You may not know this, but I took your exact position when designing
JSON-LD. The first version of JSON-LD did not support blank nodes and I
took a pretty hard line stance because of the complexity that they
introduce. However, experience showed us that this was the wrong
position to take. There are many cases that we've hit during the
development of JSON-LD where it became pretty obvious that having blank
nodes would simplify the markup for the vast majority of Web developers.

>> In JSON-LD properties can be IRIs or blank nodes whereas in RDF 
>> properties (predicates) have to be IRIs.
> 
> Ditto.  Blank nodes already cause more grief than any other RDF
> feature. I do not think it makes sense to promote or condone the
> expansion of their use.  Where are the compelling use cases for
> this?

See above.

>> In JSON-LD lists are part of the data model whereas in RDF they are
>> part of a vocabulary, namely [RDF-SCHEMA].
> 
> That would make JSON-LD *not* be a superset of RDF.  While I agree
> with the goal of making lists easier to use in RDF -- I think that
> would be great -- I think it is important not to deviate from the RDF
> model.

JSON-LD is a super-set of RDF You can still express lists as rdf:first /
rdf:rest statements in JSON-LD. When you convert JSON-LD native lists to
RDF, the rdf:first / rdf:rest pattern is used.

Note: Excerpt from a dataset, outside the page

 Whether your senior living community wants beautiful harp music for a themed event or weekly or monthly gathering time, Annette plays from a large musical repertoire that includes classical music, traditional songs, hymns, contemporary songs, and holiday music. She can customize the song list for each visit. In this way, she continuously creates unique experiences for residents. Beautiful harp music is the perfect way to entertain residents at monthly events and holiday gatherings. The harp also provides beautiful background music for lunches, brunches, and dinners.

>> The JSON-LD CG felt that these features were compelling enough to
>> keep them in the specification in the hopes that RDF will
>> eventually align with the data model. We tried to do this in a way
>> that was acceptable to the RDF community.
> 
> But failed "due to the colorful variety of opinions on the matter"?
> How can you have it both ways, except by acknowledging that this
> splinters the community?

Both the JSON-LD CG and the RDF WG have agreed on a compromise. If there
is agreement on the path forward, we are not splintering the community.

>> The other reason that we define a data model in JSON-LD is to make
>> it easier for developers to pick up on Linked Data concepts without
>> having to climb the very steep learning curve brought about by
>> having to read the myriad of RDF specifications.
> 
> That sounds fine and useful *provided* that JSON-LD is consistent
> with RDF.  At present it isn't.

That's an all-or-nothing strategy. We have opted for a strategy of
logical compromise and consensus. The consensus has led to a very simple
to understand data model (JSON-LD) that is a gateway into RDF for Web
developers. It solves a long-standing problem in the RDF community.

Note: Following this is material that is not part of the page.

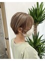前髪が割れないヘアスタイル/耳掛けショート/ハイトーンベージュ
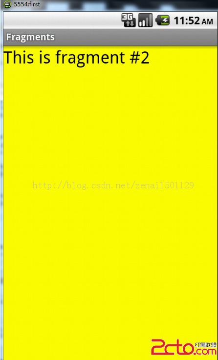 3、在模擬器上運行程序,效果如下:當設備處於縱向模式時,顯示碎片2,:

>> What we did find consensus around was to allow JSON-LD to deviate
>> in very specific ways in an attempt to gain some implementation
>> insight as to whether or not these extensions to RDF were worth
>> pursuing in RDF 2.0.
> 
> Field experience can and should be obtained by *vendor* *extensions*
> -- not by standardizing N competing RDF-like languages (even if N==2)
> and letting those standards fight it out in the marketplace.  I do
> not believe that it would be in the best interest of the RDF
> community or the W3C to fracture the market by standardizing multiple
> competing RDF-like languages.

RDF isn't a language, it's a data model. As for the languages, RDF
already has a variety of syntaxes that have different data models -
Microdata, N3, JSON-LD. That ship has already sailed, the important
thing is to make sure that these extensions are created and defined in a
way that can be folded back into the RDF data model if successful.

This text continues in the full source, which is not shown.